Results: In the MTX-monotherapy group, 27% and 39% of patients achieved DAS28-remission after 6 and 12-months. In the ABA+MTX group this was 43% and 53%. The consistent factor which appeared predictive for clinical remission in all models and in both treatment groups was baseline DAS28CRP (table 2). Optimism-adjusted model performance (AUROC) for DAS28-remission at 6 and 12-months was 0.66/0.65 in the MTX-group and 0.68/0.59 in the ABA+MTX-group. Adding baseline MRI-detected joint-inflammation, baseline serology or HLA-shared epitope alleles did not significantly improve model performance (table 3). In the Leiden EAC, the MTX-validation population, models had comparable predictive performance; 0.68/0.57 for DAS28-remission at 4 and 12-months (table 2).
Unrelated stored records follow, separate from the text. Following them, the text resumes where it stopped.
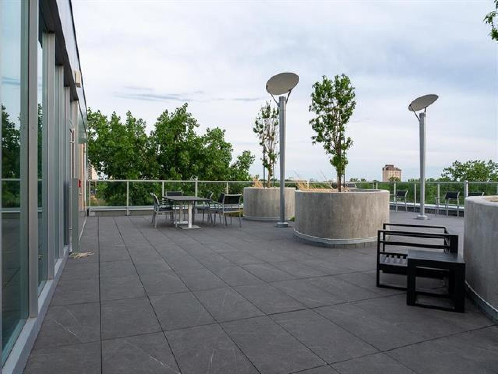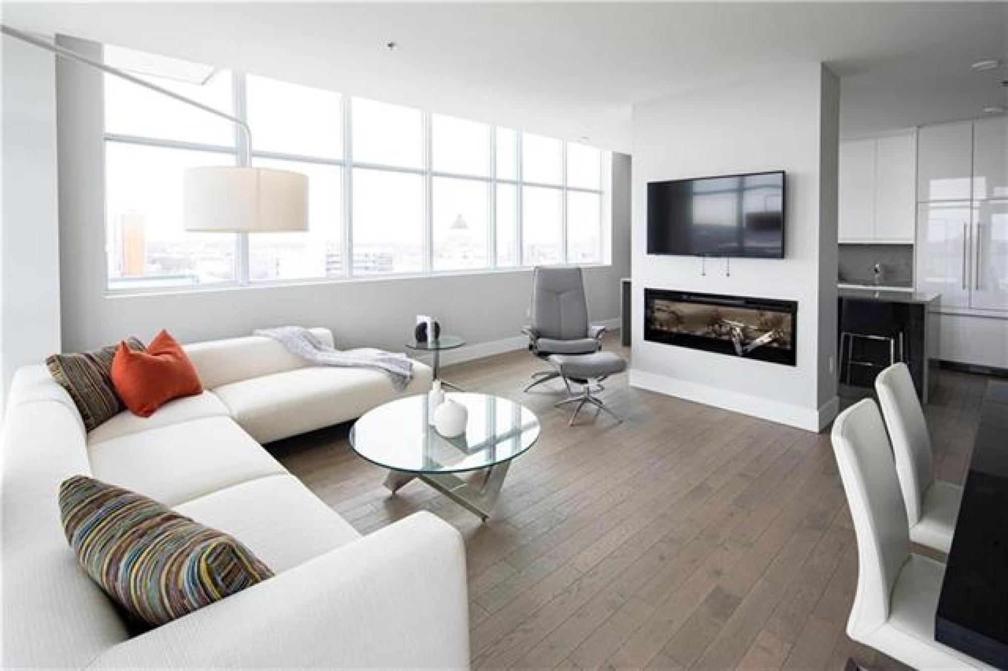 390 Assiniboine - the most impressive new address in the city center. Discover upscale living in Winnipeg’s vibrant downtown, just steps away from the Assiniboine River Walk, Canada Life Centre and so much more. Enjoy views of the sunset, river and Legislative Building from the balcony, and the sophistication of hardwood floors, ceramic tile and smooth walls/ceilings. Connoisseurs will love the quartz counter-tops, modern cabinets, under-mount sinks and integrated Jenn-Air/Fisher Paykel appliances. Party room with a 2,364 sqft landscaped terrace with beautiful river views, contemporary dining/lounge area with fireplace and pool table, and fitness studio with premium equipment. This distinctive new building also features a 2-storey lobby, unique above-grade parkade and guest suite. A private path lights your way to Winnipeg’s favorite river walk. MEASUREMENTS ARE +/- JOGS.
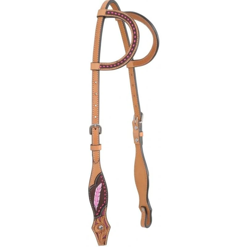 This double ear headstall features contrasting whip stitching accents along the ears with an embossed feater and tooled leather design on the cheekpieces. The cheekpieces have Chicago screws for easy changing of the bit.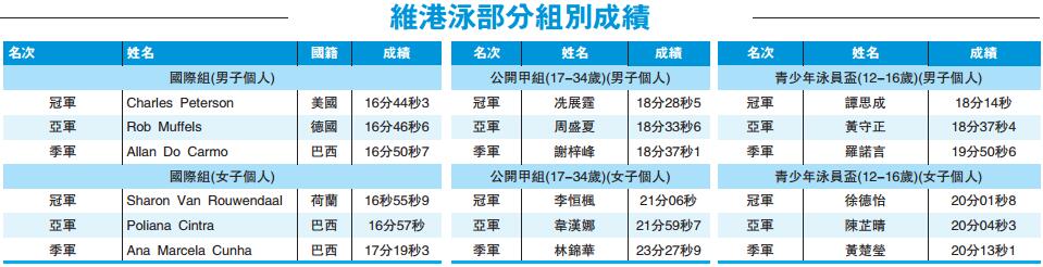 「维港渡海泳」国际组赛事中,美国长途游泳好手彼德臣,首次参与「维港渡海泳」便以16分44秒03夺男子组冠军;而女子组冠军,由里约奥运10公里游泳金牌得主荷兰泳手云露维尔胜出,时间为16分55秒09。而本地17至34岁公开组,由冼展霆以18分28秒50夺得男子组冠军,及李恒枫以21分07秒夺得女子组冠军。赛事中最年长泳手是74岁,而最年幼为12岁。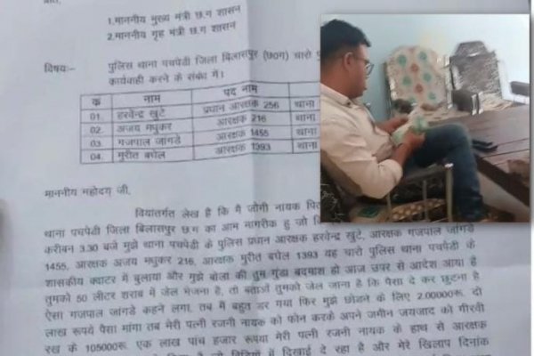 एक तरफ छत्तीसगढ़ की पुलिस केंद्र सरकार के साथ मिलकर नक्सलवाद पर पूर्ण नियंत्रण कर रही है। लगातार मूडभेद के कारण नक्सली आत्मसमर्पण भी कर रहे हैं। कुछ मामलों में छत्तीसगढ़ पुलिस पर झूठ एनकाउंटर का आरोप भी लग रहा है। पर सब के बीच बिलासपुर पंचपेड़ी थाने में ग्राम मानिकचौरी के जोगी नायक पीड़ित ने जो हिम्मत दिखाई है वह कम लोग ही दिखा पाते हैं। उनकी पत्नी ने थाने में चार आरक्षक 1455, 216, 1393 व एक अन्य पर लिखित शिकायत दी है और रिश्वत देते हुए बनाए गए वीडियो को भी दिया। पीड़ित ने कहा कि उसे गुंडा बदमाश, दारु तस्कर में अंदर करने का भय दिखाकर ₹200000 मांगा गया और मामला 105000 में सेट हुआ। वीडियो में पुलिस वाला आदमी सिविल ड्रेस में दिखाई दे रहा है और विभिन्न किस्म के नोट गिनते दिखाई दे रहा है। कुल मिलाकर यही हाल रहा तो नक्सलवाद खत्म नहीं होने वाला और नक्सलवाद को पैदा करने के लिए छत्तीसगढ़ पुलिस ही काफी है।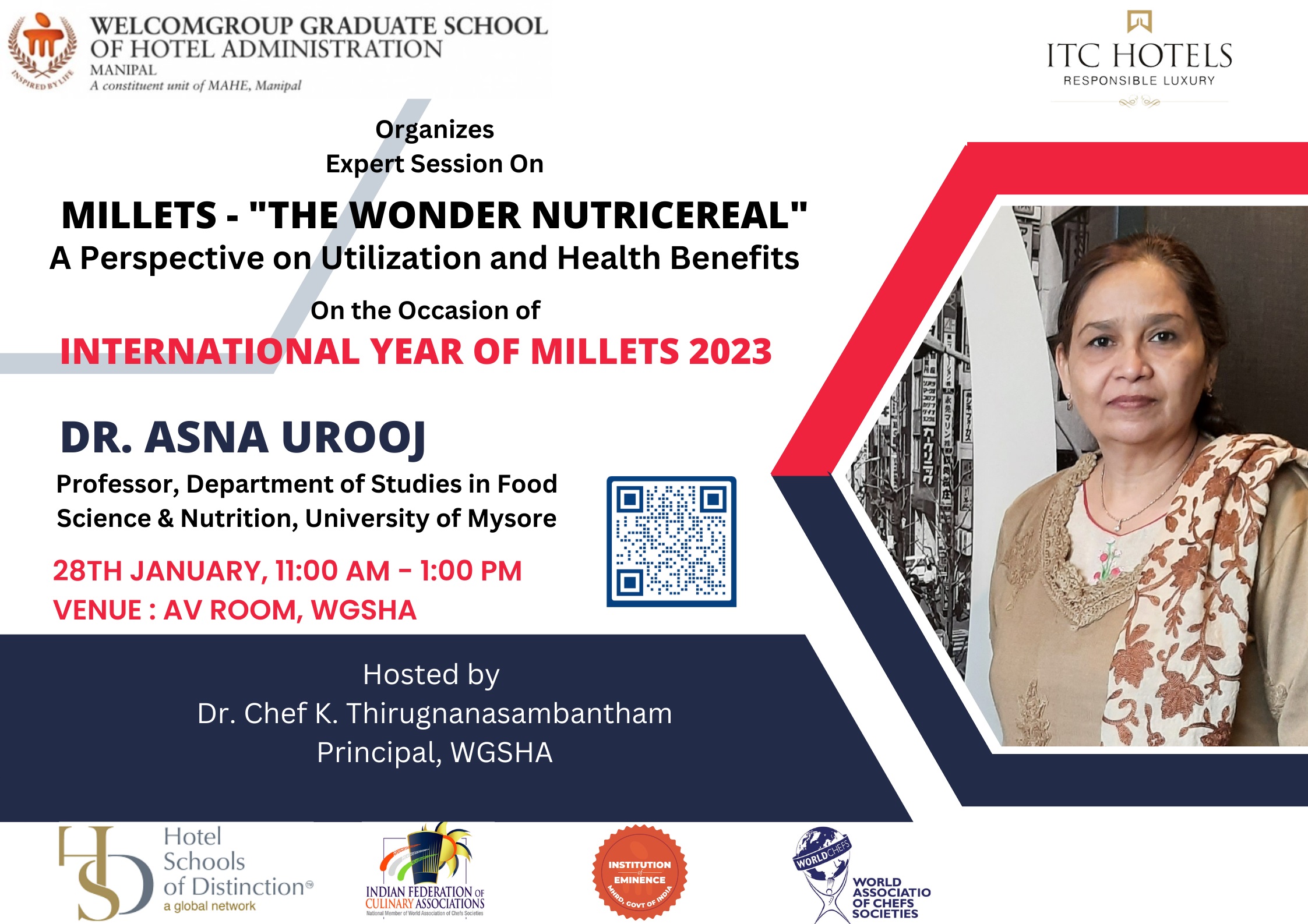 The year 2023 is declared as International year of millets by the United Nations General Assembly. To celebrate this occasion, WGSHA’s Department of Dietetics and Applied Nutrition has organizes an expert session on Millets the "Wonder Nutricereal": A perspective on utilization and health benefits by Dr. Asna Urooj, Professor, Department of Food Science and Nutrition, University of Mysore, Mysuru on January 28, 2023. Dr. Asna Urooj has more than 30 years of experience in - Teaching & research. Her areas of expertise are

Conclusion: Determining which patients achieve clinical remission upon MTX or ABA+MTX treatment remains challenging using clinical and imaging variables at diagnosis. Disease activity at disease presentation appeared most important for achieving clinical remission after 1 year.
Table 1. Baseline characteristics of primary and validation population
Baseline characteristics of the treatment groups of the primary study population and baseline characteristics of the validation population (MTX-treatment). Values are presented as mean (SD), median (IQR) or as percentage.
CRP: C-reactive protein, HAQ-DI: health assessment questionnaire disability index, IQR: interquartile range, RF: rheumatoid factor, SD: standard deviation

Table 2. Models resulting from backward selection of clinical baseline characteristics and validation in external RA-population
Predictive factors resulting from stepwise backward logistic regression in both treatment groups in the primary study population and in the MTX-validation population. Baseline clinical characteristics included in the stepwise logistic regression were; age, sex, smoking (ever), symptom duration, weight, HAQ-DI and DAS28CRP. Baseline disease activity was a constant factor which appeared predictive for DAS28-remission at both 6 and 12-months in both treatment groups. Optimism-adjusted AUROC, obtained by means of bootstrapping, are presented. Model performance of the selected predictors were comparable in the external MTX-validation population. Missing DAS-information in the validation population was imputed using multiple imputation with chained equations (100 cycles, 30 datasets). Model performance in the validation population was comparable to the primary study population.
DAS: disease activity scores, ROC: receiver operating characteristic curve


Table 3. Model performance after adding serological, imaging and genetic information to the primary model
Predictive performance, by means of area under the ROC, of the primary model and of the model in which serological, imaging and genetic information was added. In the MTX-group, model performance of the model for DAS28 remission at 12-months significantly increased after adding MRI-detected joint-inflammation of the hand. The other models did not improve after adding extra serological, imaging or genetic information.
* Data on MRI-detected inflammation and data on SE were only available in a subgroup of the total ABA+MTX population: n=54, n=187
** Data on MRI-detected inflammation and data on SE were only available in a subgroup of the total ABA+MTX population: n=111, n= 545
DAS: disease activity scores, ROC: receiver operating characteristic curve

Disclosures: M. Verstappen, Bristol-Myers Squibb(BMS); E. Niemantsverdriet, None; T. Huizinga, None; A. van der Helm-van Mil, None; S. Bergstra, None.